I awoke this morning to a lovely spring day; sun shining; birds singing and this view from the bedroom
I then picked up my iPad and wrote this as a stream of consciousness. No editing. Just saying –
In three weeks
I shall leave this place
So full of happy memories
of love shared
of laughter and friendship.
But now the house sits empty
of those shared things.
What is a house without sharing
It is but an empty shell.
And so now, once again
the wheels of my life have turned
and again, I face the future alone.
Alone, but now even stronger
Strengthened with the memories
of this late love we shared
for such a very short time.
But length of time is irrelevant
You will live in my heart forever my love.

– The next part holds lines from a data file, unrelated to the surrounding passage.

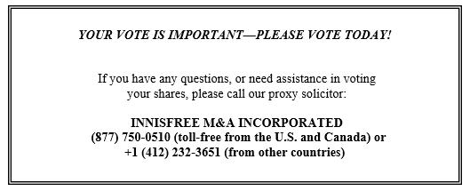 Your vote is very important. Please note that failing to vote will have the same effect as a vote against the Merger. If you have not already done so, please vote TODAY via the Internet, telephone, or by signing, dating, and returning the enclosed proxy card or voting instruction form in the envelope provided. If you received this letter by email, you may simply click on the “VOTE NOW” link provided in the email.
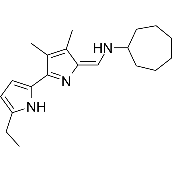 注射用配方1: DMSO : Tween 80: Saline = 10 : 5 : 85 (如: 100 μL DMSO → 50 μL Tween 80 → 850 μL Saline)(IP/IV/IM/SC等) *生理盐水/Saline的制备:将0.9g氯化钠/NaCl溶解在100 mL ddH ₂ O中,得到澄清溶液。 注射用配方 2: DMSO : PEG300 :Tween 80 : Saline = 10 : 40 : 5 : 45 (如: 100 μL DMSO → 400 μL PEG300 → 50 μL Tween 80 → 450 μL Saline) 注射用配方 3: DMSO : Corn oil = 10 : 90 (如: 100 μL DMSO → 900 μL Corn oil) 示例: 以注射用配方 3 (DMSO : Corn oil = 10 : 90) 为例说明, 如果要配制 1 mL 2.5 mg/mL的工作液, 您可以取 100 μL 25 mg/mL 澄清的 DMSO 储备液,加到 900 μL Corn oil/玉米油中, 混合均匀。 View More
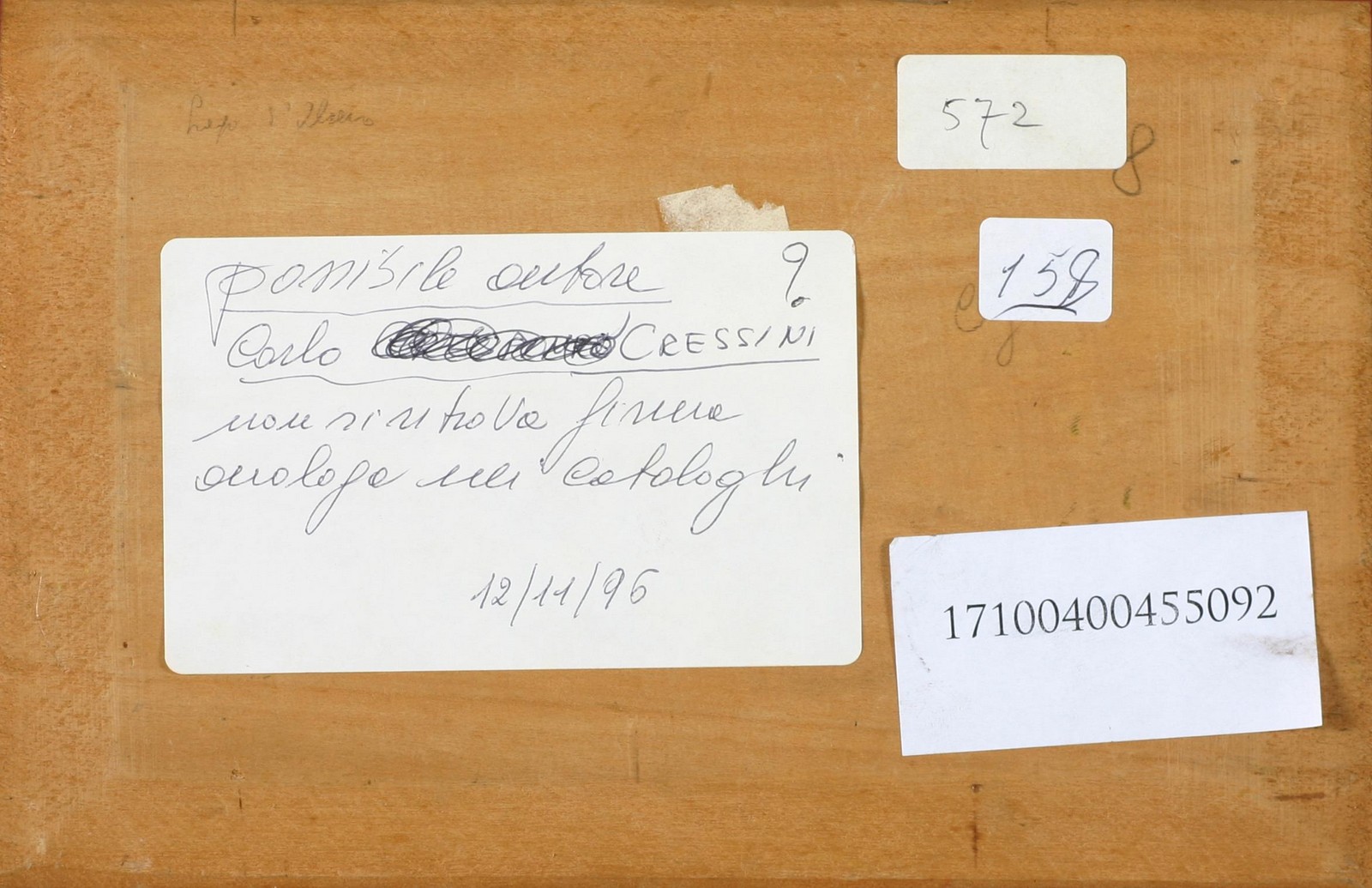 CRESSINI CARLO (1864 - 1938) Paesaggio al tramonto. olio su tavoletta. Cm 23,00 x 15,00. Firma in basso a sinistra. Cornice presente
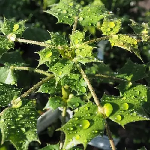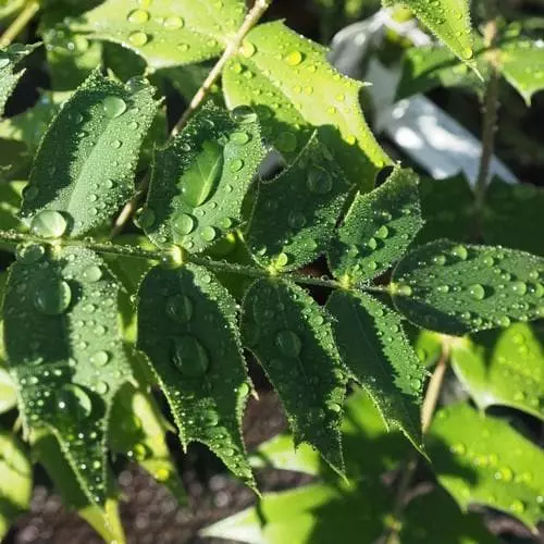An excellent cultivar of this hybrid mahonia, Mahonia x media Charity is a striking, large, evergreen shrub with an upright habit, a very good choice for the winter border. The deep green leaves are heavily divided into prickly, almost holly-like leaflets. In winter, abundant spires of yellow flowers, scented of lily-of-the-valley, appear, lasting into spring, and a valuable nectar source for pollinators at a difficult time of year. These are followed by clusters of non-poisonous blue-black berries, much loved by birds. Often called Oregon grape, Mahonia Charity is a really easy, low-maintenance shrub, needing no pruning.

And then I got up and saw this
and just knew how I was going to spend this beautiful Saturday. Isn’t it amazing how much one gathers in a very short time?
And now another quote from Edna St. VincentMillay
“Time does not bring relief; you all have lied
Who told me time would ease me of my pain!
I miss him in the weeping of the rain;
I want him at the shrinking of the tide”.
But enough of melancholy and feeling sorry for myself. I can still enjoy this lovely day, the warmth of friendship and the knowledge that I have so much more in my life than many others.
And now because I’m English and I drink tea
I shall make a pot and think about where I am, where I’ve been and where I’m going.